As is often the case, it is the informal discussions that can be so interesting. I have already mentioned in one of the posts in this series a discussion about conceptual art which I found very thought provoking. We also had a discussion about whether writing should be easily accessible. Iain wants his book to reach a wider audience, which it is beginning to do. I believe it has sold 80, 000 copies. He is aware that to reach a wider audience he may have to present it in more accessible formats, but will this mean losing the richness that the detail of the book provides? He talked about how hard writing the Master and his Emissary had been (I wrote about this last year) and how impenetrable some philosophers’ writings are. I asked him whether this is because they themselves do not truly understand the ideas they are trying to communicate. His answer was ‘No’, the obscurity of the writing is deliberate. These philosophers believe that we should have to work hard to access and understand difficult ideas. This makes me think again about what we should expect from learning in the 21st century.

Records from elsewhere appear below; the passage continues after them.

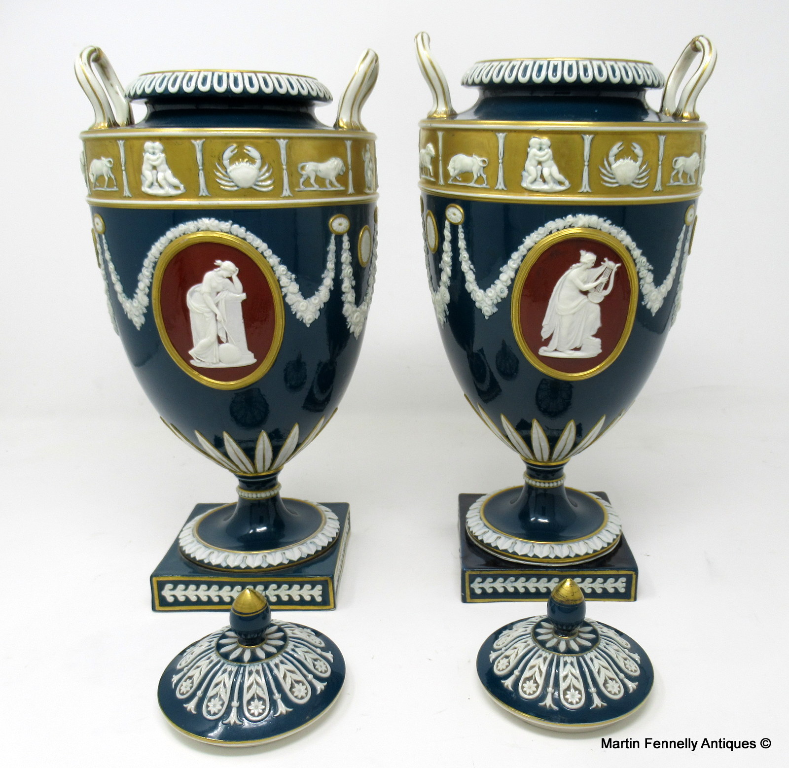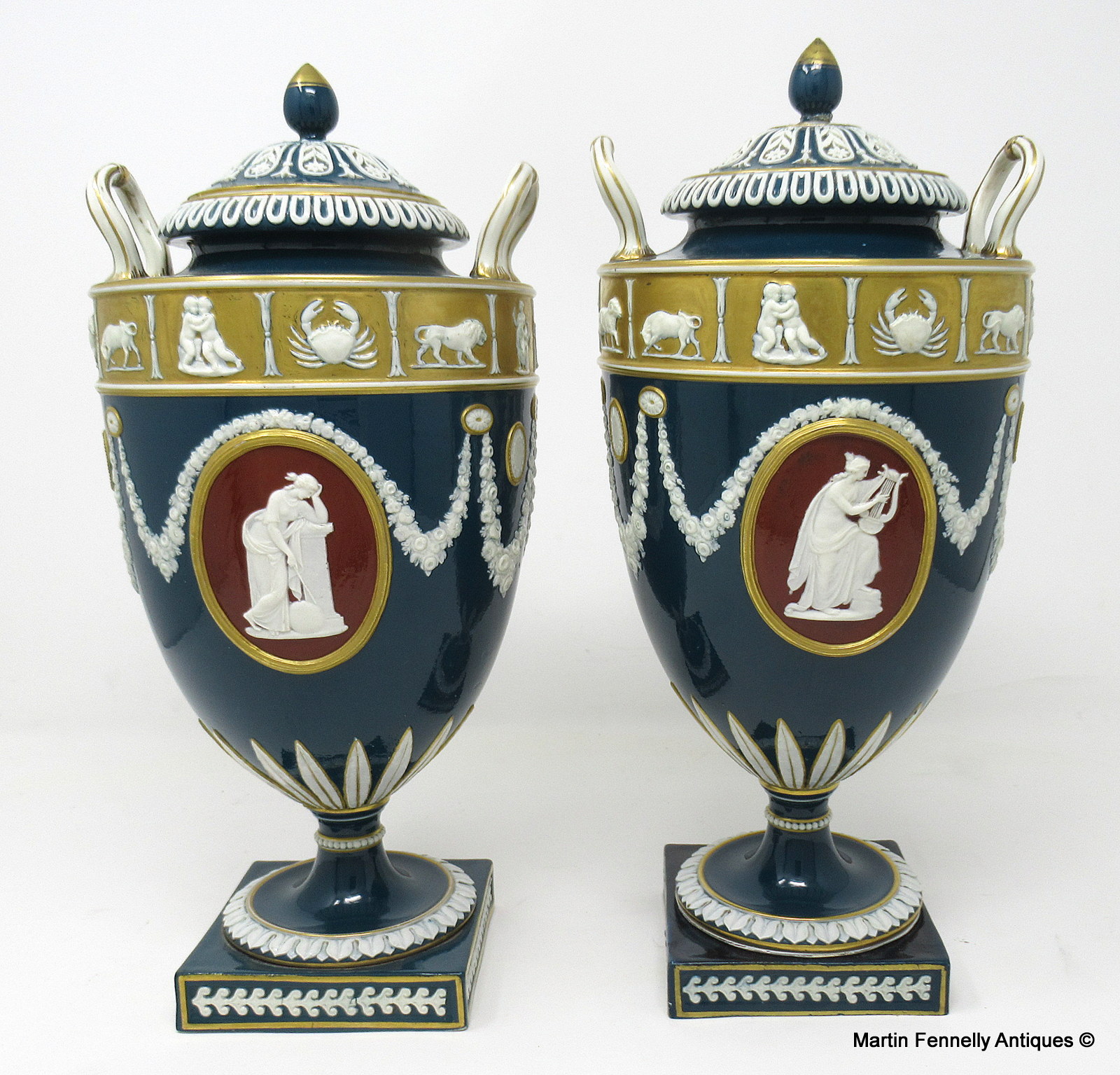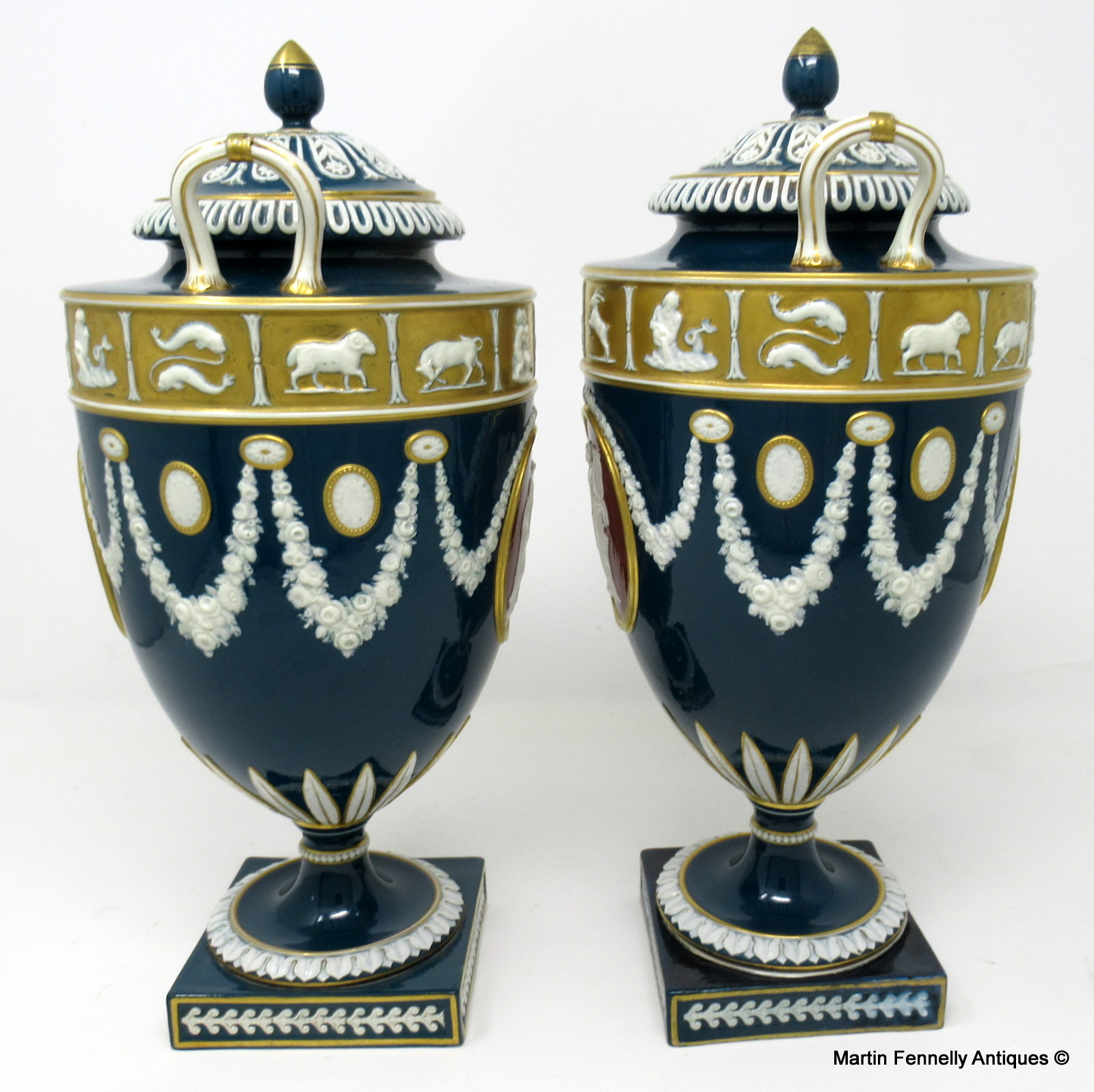 These are a spectacular Pair of Wedgwood Lidded Urns dating to Circa 1875,designed by Charles Toft and a very rare pair these are. ‘Victoria Ware’ from Wedgwood at its very best and in great Condition. They date to Circa 1875 and have a superb presence. They have the impressed factory name “WEDGWOOD” and are baluster in shape, decorated with ribbons of Garlands, floral festoons, full circle of Star Sign decoration and cameo styled medallions on each side featuring portraits of Venus and Neo Classical figures. These are a tour de force of Victoria Ware and bear all the hallmarks of the famed Charles Toft. Charles Toft (1832-1909) created these out of unglazed hard paste porcelain named by their rivals Minton Parian ware for the Greek island Paros that produces a white marble of the same name, they are laid on a spectacular Duke Blue/Charleston Green coloured ground. Shipping is expensive on these due to their fragility.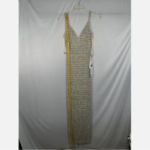 NWT $598 Mac Duggal [ 0 ] Geometric Embellished Crystal Drop V-Neck Gown S782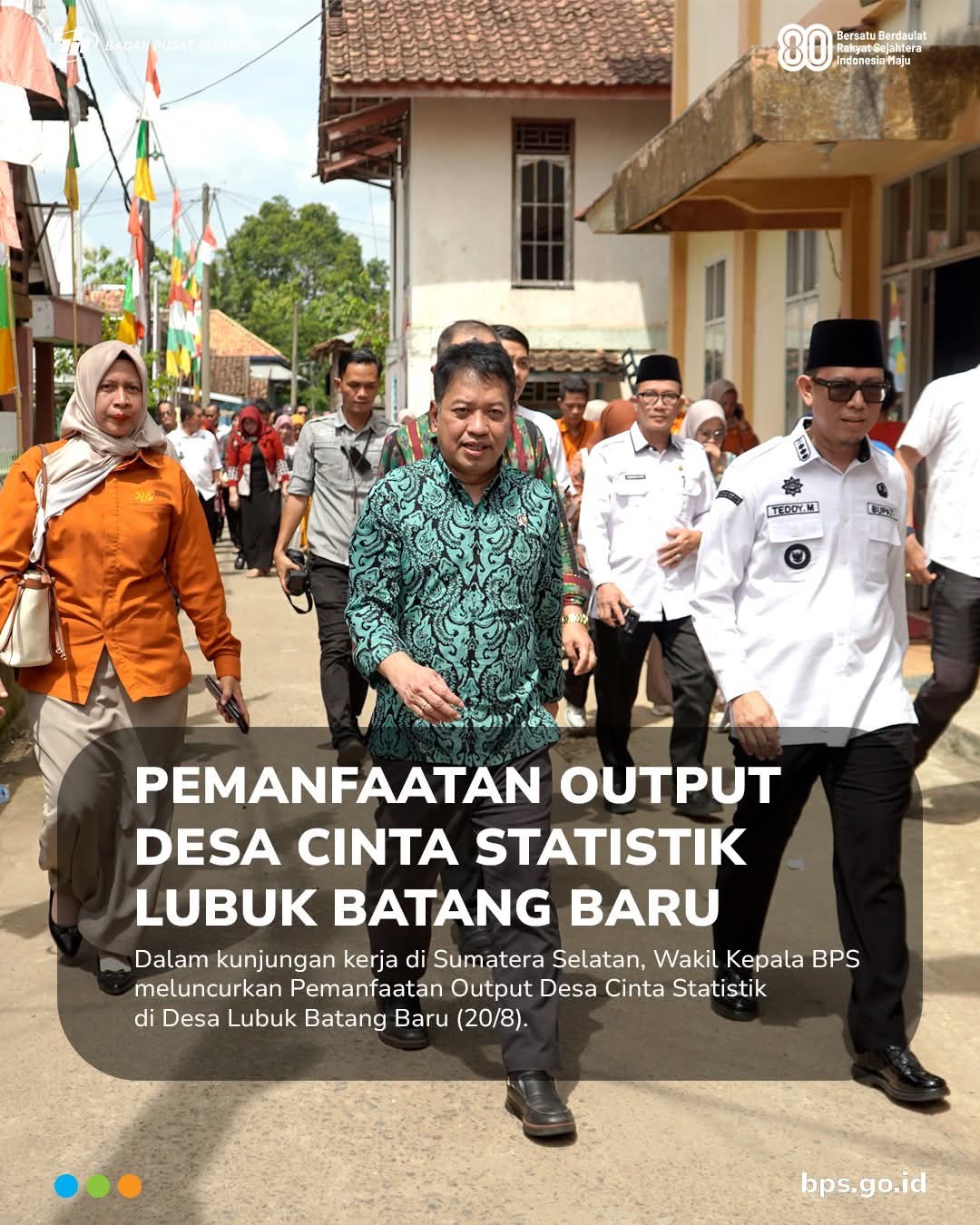 Wakil Kepala BPS, Sonny Harry Budiutomo Harmadi didampingi Bupati Ogan Komering Ulu, Teddy Meilwansyah meluncurkan Pemanfaatan Output Desa Cinta Statistik (Desa Cantik) di Desa Lubuk Batang Baru (20/8). Turut hadir pada acara launching tersebut, yaitu: Direktur Statistik Ketahanan Sosial BPS, Nurma Midayanti dan Kepala BPS Provinsi Sumatera Selatan (Sumsel), Moh. Wahyu Yulianto.

Finally, Iain left us with a request. He asked us to see if we could think of examples of paradoxical outcomes of left hemisphere thinking and if we can, then email them to him. His email address is on his brand new website .

Some references

Peter Checkland. Soft Systems Methodology 

Deleuze, Gilles, Guaattari, F. A Thousand Plateaus (1987). University of Minnesota Press. doi:10.1017/CCO9780511753657.008

Iain McGilchrist (2010). The Master and His Emissary. The Divided Brain and the Making of the Western World. Yale University Press.